*What to do*:
In the records below, repeat exactly the lines between the line holding "WEDDING SEASON 3" and the line holding "60 Sportive beim", inclusive, and drop the pictures.

*Data records*:
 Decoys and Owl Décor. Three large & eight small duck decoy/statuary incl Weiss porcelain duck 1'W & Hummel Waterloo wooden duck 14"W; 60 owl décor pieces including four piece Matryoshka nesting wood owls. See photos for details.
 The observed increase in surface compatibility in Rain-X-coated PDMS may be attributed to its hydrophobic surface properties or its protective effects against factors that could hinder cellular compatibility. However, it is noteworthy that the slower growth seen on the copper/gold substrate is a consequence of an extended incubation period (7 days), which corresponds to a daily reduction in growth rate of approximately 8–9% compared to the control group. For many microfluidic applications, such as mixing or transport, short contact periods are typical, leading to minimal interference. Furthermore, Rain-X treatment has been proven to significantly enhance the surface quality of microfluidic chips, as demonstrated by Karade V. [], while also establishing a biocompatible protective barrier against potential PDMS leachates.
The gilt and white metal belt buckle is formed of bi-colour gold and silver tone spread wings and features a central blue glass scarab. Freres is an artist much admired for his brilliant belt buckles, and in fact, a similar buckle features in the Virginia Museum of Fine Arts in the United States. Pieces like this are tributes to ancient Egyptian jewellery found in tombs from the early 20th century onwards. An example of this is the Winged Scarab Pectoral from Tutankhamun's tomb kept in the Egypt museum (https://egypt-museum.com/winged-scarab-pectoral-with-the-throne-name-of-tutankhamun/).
* * *
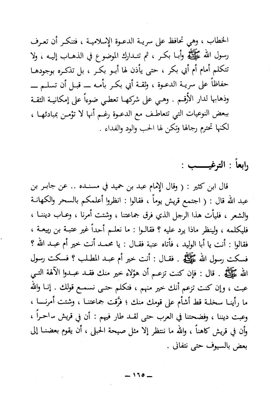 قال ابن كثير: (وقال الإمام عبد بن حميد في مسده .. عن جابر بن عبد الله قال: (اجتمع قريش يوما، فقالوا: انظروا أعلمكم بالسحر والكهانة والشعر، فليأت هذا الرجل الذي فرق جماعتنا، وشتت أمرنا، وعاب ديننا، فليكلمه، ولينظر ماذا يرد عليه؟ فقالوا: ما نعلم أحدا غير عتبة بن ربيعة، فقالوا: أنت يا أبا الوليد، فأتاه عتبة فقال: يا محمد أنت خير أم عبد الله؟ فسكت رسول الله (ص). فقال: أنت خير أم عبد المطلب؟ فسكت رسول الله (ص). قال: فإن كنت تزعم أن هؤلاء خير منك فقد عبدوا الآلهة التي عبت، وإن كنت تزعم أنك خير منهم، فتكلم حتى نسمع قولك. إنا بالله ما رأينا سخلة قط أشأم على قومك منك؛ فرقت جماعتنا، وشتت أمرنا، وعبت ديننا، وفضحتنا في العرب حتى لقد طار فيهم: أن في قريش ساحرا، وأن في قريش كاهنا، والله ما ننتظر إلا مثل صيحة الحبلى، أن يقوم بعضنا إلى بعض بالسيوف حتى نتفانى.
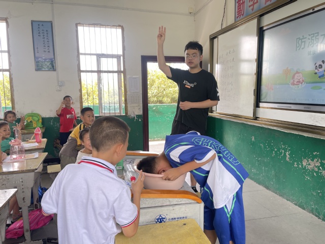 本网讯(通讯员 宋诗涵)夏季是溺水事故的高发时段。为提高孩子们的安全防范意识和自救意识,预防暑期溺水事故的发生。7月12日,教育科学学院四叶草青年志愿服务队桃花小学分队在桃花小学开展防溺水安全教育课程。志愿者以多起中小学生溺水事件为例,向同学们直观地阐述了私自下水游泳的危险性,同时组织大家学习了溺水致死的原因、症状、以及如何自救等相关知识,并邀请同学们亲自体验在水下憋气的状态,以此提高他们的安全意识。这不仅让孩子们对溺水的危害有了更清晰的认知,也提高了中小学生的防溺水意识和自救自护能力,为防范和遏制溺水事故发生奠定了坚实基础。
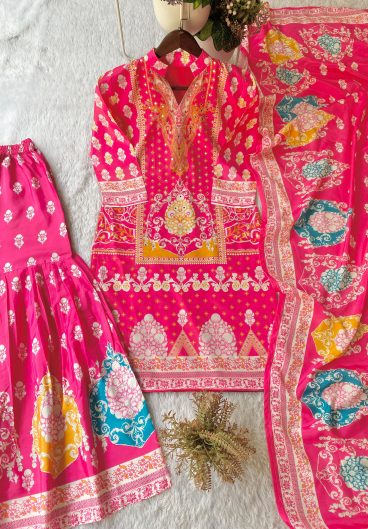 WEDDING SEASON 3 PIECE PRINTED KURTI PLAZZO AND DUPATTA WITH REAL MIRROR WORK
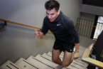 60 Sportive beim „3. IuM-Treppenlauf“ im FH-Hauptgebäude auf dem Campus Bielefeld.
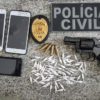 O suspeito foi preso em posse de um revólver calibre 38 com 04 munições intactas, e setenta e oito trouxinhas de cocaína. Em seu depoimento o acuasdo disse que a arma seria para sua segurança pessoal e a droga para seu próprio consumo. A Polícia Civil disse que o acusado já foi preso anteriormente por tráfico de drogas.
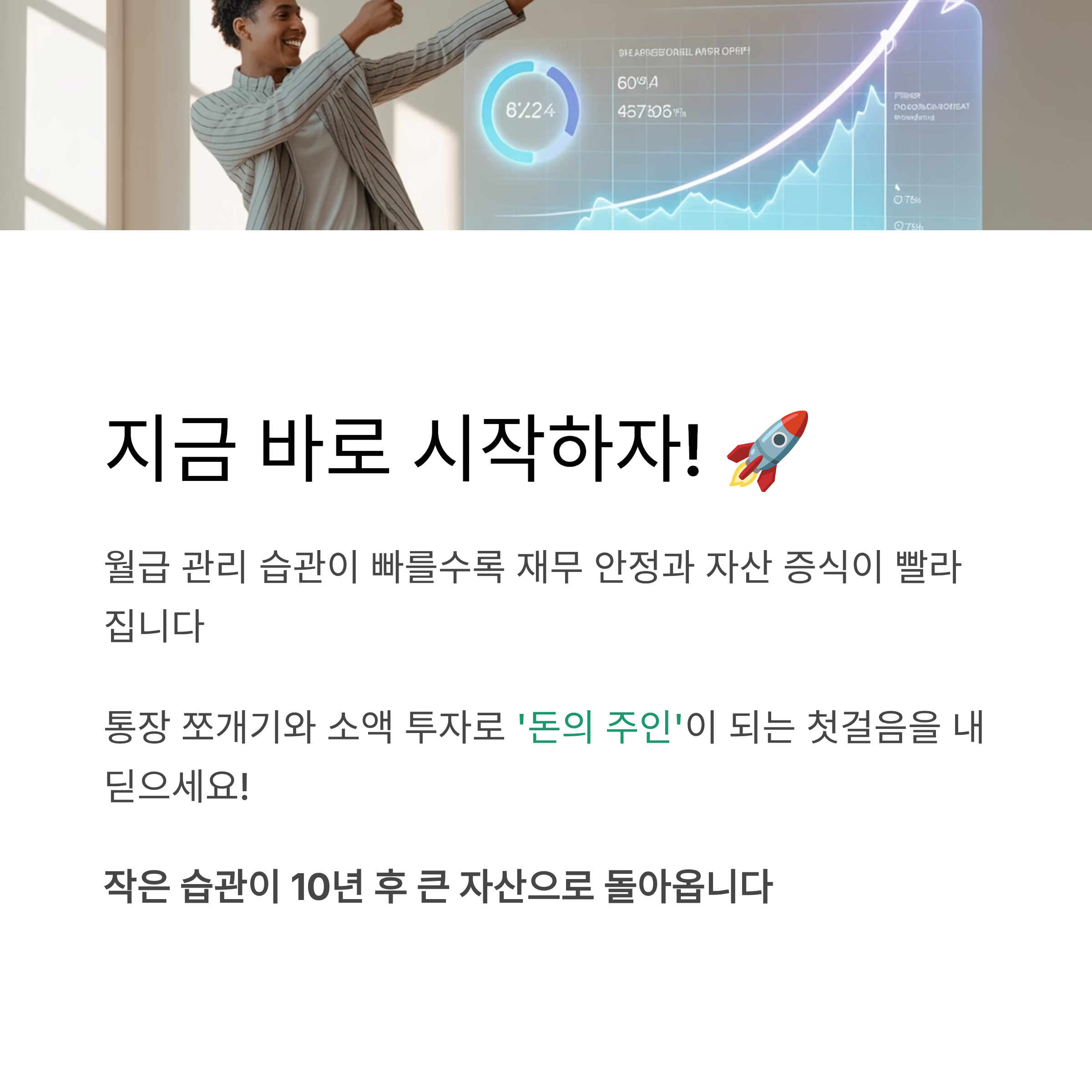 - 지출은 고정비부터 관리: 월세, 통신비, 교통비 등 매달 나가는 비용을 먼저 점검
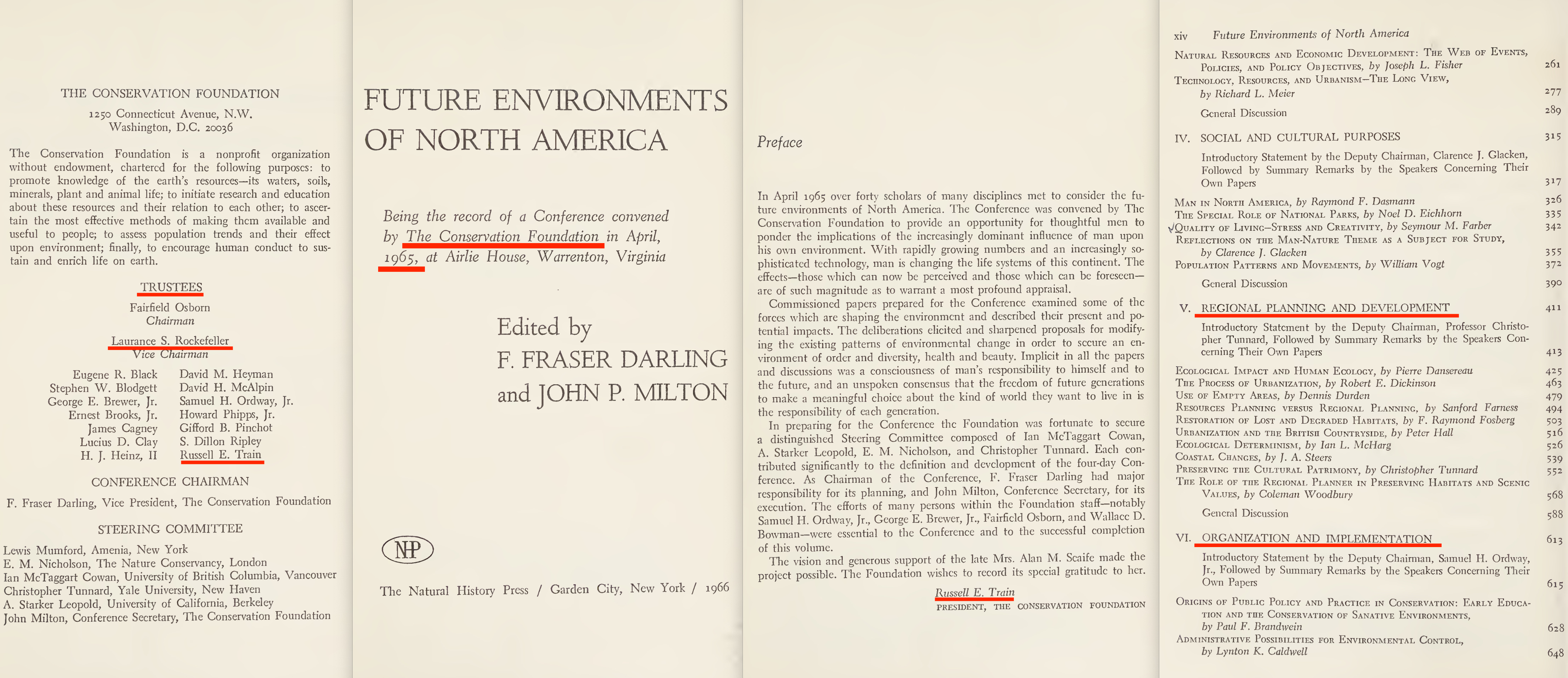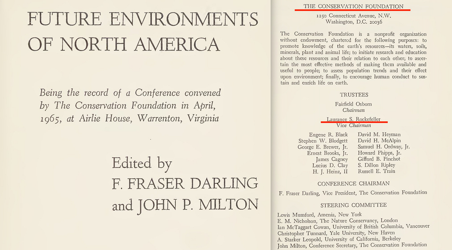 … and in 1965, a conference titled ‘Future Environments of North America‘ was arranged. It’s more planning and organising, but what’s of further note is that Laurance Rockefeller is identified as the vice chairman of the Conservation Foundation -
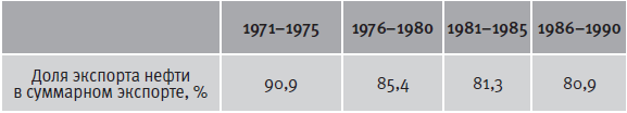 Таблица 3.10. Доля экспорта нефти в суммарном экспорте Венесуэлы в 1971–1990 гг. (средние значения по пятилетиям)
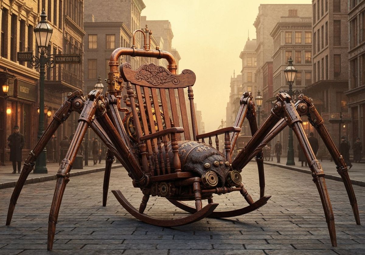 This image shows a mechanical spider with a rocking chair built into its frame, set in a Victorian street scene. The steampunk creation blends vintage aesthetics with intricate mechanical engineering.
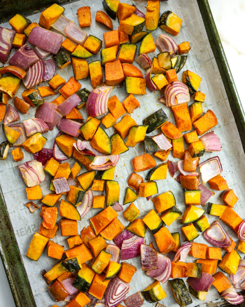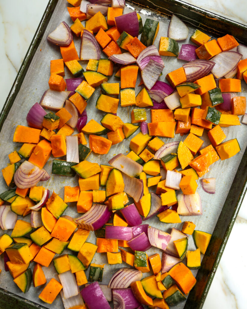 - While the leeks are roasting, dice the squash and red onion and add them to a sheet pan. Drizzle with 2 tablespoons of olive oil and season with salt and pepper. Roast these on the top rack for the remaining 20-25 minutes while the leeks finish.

*Answer below*:
 WEDDING SEASON 3 PIECE PRINTED KURTI PLAZZO AND DUPATTA WITH REAL MIRROR WORK
 60 Sportive beim „3. IuM-Treppenlauf“ im FH-Hauptgebäude auf dem Campus Bielefeld.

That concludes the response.